▶ **Dataset extract**
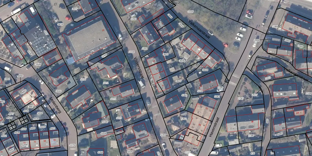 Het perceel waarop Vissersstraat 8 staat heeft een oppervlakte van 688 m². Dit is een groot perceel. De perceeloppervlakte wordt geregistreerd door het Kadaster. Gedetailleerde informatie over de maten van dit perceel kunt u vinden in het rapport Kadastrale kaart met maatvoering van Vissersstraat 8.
...
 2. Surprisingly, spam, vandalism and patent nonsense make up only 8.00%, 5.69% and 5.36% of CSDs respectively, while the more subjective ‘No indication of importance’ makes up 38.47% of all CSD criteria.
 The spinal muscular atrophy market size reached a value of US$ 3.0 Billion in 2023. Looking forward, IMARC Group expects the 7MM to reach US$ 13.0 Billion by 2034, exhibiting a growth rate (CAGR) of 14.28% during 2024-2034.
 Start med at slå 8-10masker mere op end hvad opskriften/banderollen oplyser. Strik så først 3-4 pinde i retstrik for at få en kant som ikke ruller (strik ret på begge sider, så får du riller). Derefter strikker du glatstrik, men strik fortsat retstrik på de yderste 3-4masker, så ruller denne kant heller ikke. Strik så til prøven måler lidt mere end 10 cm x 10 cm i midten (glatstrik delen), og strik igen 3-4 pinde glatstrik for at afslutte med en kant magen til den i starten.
==
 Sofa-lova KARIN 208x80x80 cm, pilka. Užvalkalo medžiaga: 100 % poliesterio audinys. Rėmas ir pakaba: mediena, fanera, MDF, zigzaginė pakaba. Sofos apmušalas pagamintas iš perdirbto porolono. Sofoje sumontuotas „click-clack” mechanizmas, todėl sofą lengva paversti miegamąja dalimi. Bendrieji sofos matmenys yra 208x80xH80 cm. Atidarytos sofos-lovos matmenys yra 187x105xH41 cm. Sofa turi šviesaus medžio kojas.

▶ **Problem to solve**
Find the line with "The spinal muscular" in the material above. Reproduce it and each line after it up to and including the line with "Start med at".

▶ **Your response**
 The spinal muscular atrophy market size reached a value of US$ 3.0 Billion in 2023. Looking forward, IMARC Group expects the 7MM to reach US$ 13.0 Billion by 2034, exhibiting a growth rate (CAGR) of 14.28% during 2024-2034.
 Start med at slå 8-10masker mere op end hvad opskriften/banderollen oplyser. Strik så først 3-4 pinde i retstrik for at få en kant som ikke ruller (strik ret på begge sider, så får du riller). Derefter strikker du glatstrik, men strik fortsat retstrik på de yderste 3-4masker, så ruller denne kant heller ikke. Strik så til prøven måler lidt mere end 10 cm x 10 cm i midten (glatstrik delen), og strik igen 3-4 pinde glatstrik for at afslutte med en kant magen til den i starten.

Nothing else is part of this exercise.